Michael Douglas’ voice is one of the great instruments of American films (I hope he doesn’t lose it). Its timbre and buzz speak of a life lived fully and shrewdly; Douglas can’t persuasively play a dummy, not with those wised-up, insinuating pipes of his. Returning to his Oscar-winning gravestone role, Gordon Gekko of Oliver Stone’s 1987 Wall Street, Douglas sounds very much like a hungry spider returning to his silken web, waiting for gullible flies to come to him. The colors of the interiors run the gamut from blood to wine — deep burgundy, highly reflective espresso — and the older, grayer Gekko, in contrast with these surroundings, is no longer the sleekest shark in the tank. He’s a rumpled hermit in the back of a cave, reading financial omens everyone else is too far into the game to notice.

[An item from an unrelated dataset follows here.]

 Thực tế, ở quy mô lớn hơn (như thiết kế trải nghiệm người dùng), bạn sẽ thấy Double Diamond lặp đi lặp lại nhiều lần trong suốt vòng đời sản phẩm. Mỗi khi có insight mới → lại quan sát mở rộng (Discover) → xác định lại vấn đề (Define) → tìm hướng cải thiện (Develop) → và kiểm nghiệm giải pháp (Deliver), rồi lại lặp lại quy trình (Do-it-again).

Age has chilled Douglas out more than a bit (maybe Catherine Zeta-Jones has helped). I once called him “perhaps the least relaxed of actors,” but now, in movies like Wonder Boys and this, he comes in and rocks the house as much as he ever did, only from a more centered place. In Wall Street: Money Never Sleeps, also directed by Oliver Stone, Gekko is angry about his time in jail and sad about his estrangement from his daughter Winnie (Carey Mulligan), but most of the time he kicks back like a Godfather or a returning king. It’s not a question of whether anyone will kiss his ring, but when. Hotshot Wall Street trader Jacob Moore (Shia LeBeouf), who happens to be involved with Winnie, gravitates to Gekko, and Gekko, after learning Jacob’s connection to his daughter, takes him into his confidence. Will he corrupt Jacob, as he did with Charlie Sheen’s Bud Fox twenty years ago? No, his designs this time may be darker.

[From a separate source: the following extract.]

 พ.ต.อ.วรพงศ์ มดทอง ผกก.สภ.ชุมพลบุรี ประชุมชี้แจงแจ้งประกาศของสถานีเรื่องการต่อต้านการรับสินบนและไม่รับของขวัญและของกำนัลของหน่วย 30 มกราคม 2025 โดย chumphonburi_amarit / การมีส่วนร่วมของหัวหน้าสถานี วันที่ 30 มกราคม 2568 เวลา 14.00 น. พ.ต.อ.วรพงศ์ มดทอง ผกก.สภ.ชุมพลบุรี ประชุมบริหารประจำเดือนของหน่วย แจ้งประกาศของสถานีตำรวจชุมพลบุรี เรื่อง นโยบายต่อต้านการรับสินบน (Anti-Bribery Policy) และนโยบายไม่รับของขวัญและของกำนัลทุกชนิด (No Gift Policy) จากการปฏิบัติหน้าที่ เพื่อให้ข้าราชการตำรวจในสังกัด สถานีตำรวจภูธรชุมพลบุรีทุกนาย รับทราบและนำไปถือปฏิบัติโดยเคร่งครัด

Wall Street: Money Never Sleeps isn’t the fast-moving bullet train its predecessor was; it feels enervated and somewhat irrelevant, behind the times (the original Wall Street was finished before the infamous ‘87 stock-market crash), commenting impotently on events from two years ago that ruined countless lives. (Jacob’s mom, a real-estate agent, played by Susan Sarandon, is shown suffering when the housing bubble bursts, but she’s all but forgotten about.) It’s tough to care about whether Jacob and Winnie’s young love will endure a season in Gekko hell, and the boardroom/backroom deals feel a bit dumbed-down. Josh Brolin’s suave hedge-fund manager bears most of the plot’s burden of guilt, effectively destroying first Jesse’s mentor (Frank Langella) and then, by association, the economy. “I was small-time compared to these guys,” Gekko growls.
There are several places the film could’ve ended and become a worthy, bitter update on Gekko and the world he helped create. But Stone keeps going; the result is disastrous. For all his radical posturing, Stone seems addicted to happy endings; he wants to make a difference, and a dark, realistic denouement wouldn’t gel with his deep-down instinct to keep hope alive. Despite unfolding during the last months of the Bush administration, and despite a plot thread involving green energy, this Wall Street is curiously apolitical, never making much of anything it shows us except that, for the most part, unseen people are understood to be impacted, somewhere, by the financial machinations. But Michael Douglas does what he can; he brings back the contemptible charmer Gekko, at least until the script shoves a sonogram in his face and sells him out to sappiness.